Soon the acrid smell overpowered the scent of death.

Droplets spattered across Nova’s face and
sent a new wave of nausea rolling through her. She concentrated on
keeping her finger on the trigger; at least none of the slugs were
crawling on her. She kept her feet moving as she shot so as to step
on any wayward slugs and keep them from crawling up her legs.

Try as they might, there didn’t seem to be
any end to the waves of zombies. No matter how many they shot,
there were always more.

“What the hell are we supposed to do now?”
Orion said. His nose was scrunched and his face was a pale shade of
green.

“Our guns won’t last much longer,” Aart
said.
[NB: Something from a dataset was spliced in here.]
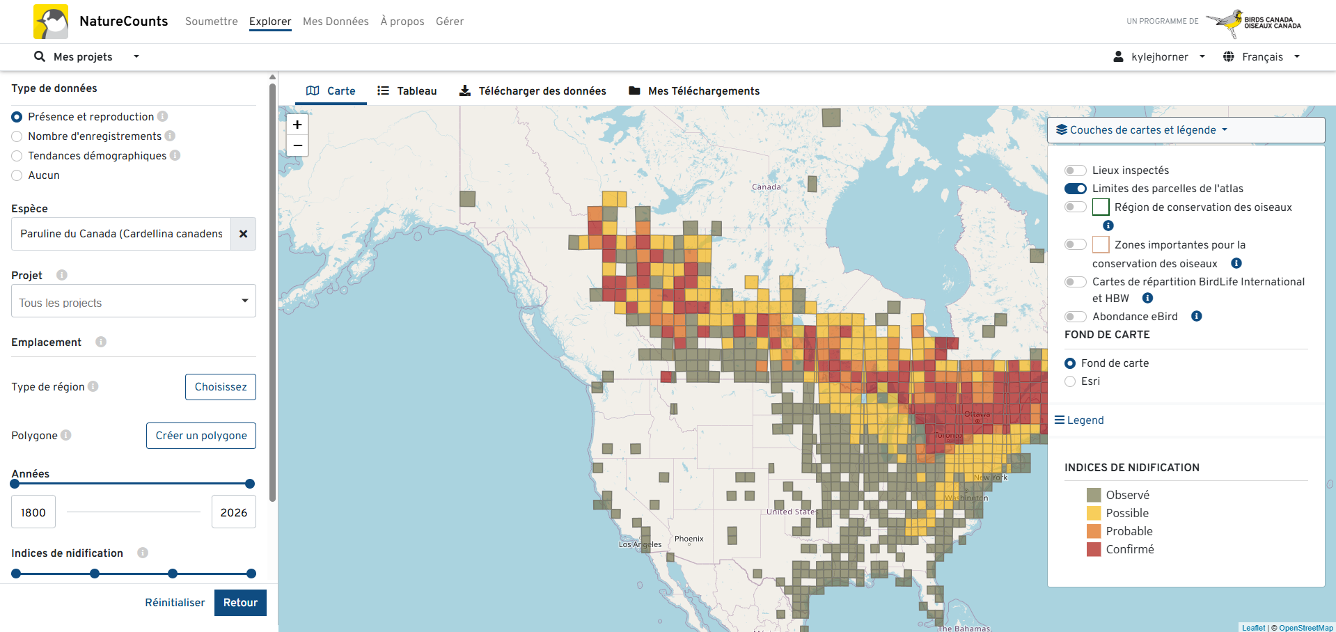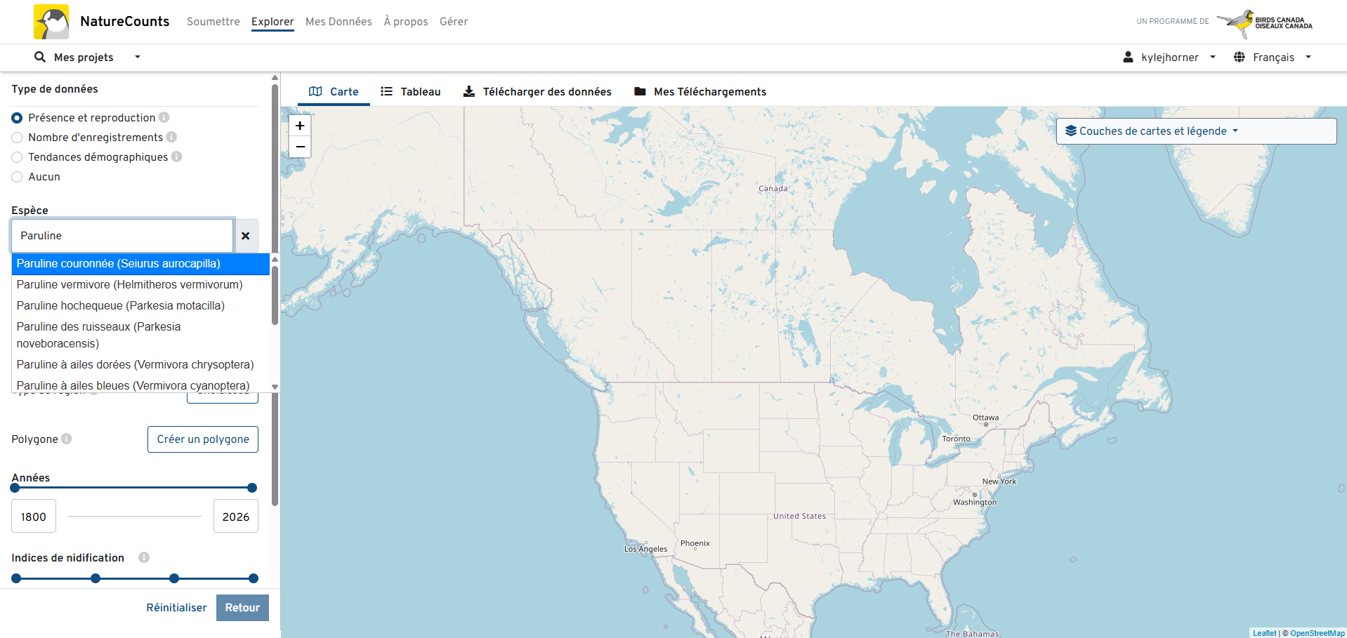 Les cartes des espèces, ainsi que d’autres outils d’exploration de données, sont accessibles dans le menu «Explorer» du site web NatureCounts.

His voice was strained and beads of sweat streamed down his
cheeks.

“I know!” Nova said. Aart’s panic was
mirrored in her voice. She clenched her teeth as she glanced at her
pistols; they didn’t have long left before they overheated. “We
have to take out the queen, it’s the only way to stop them.”

“How the hell are we supposed to do that?
There are hundreds of the things,” Orion said.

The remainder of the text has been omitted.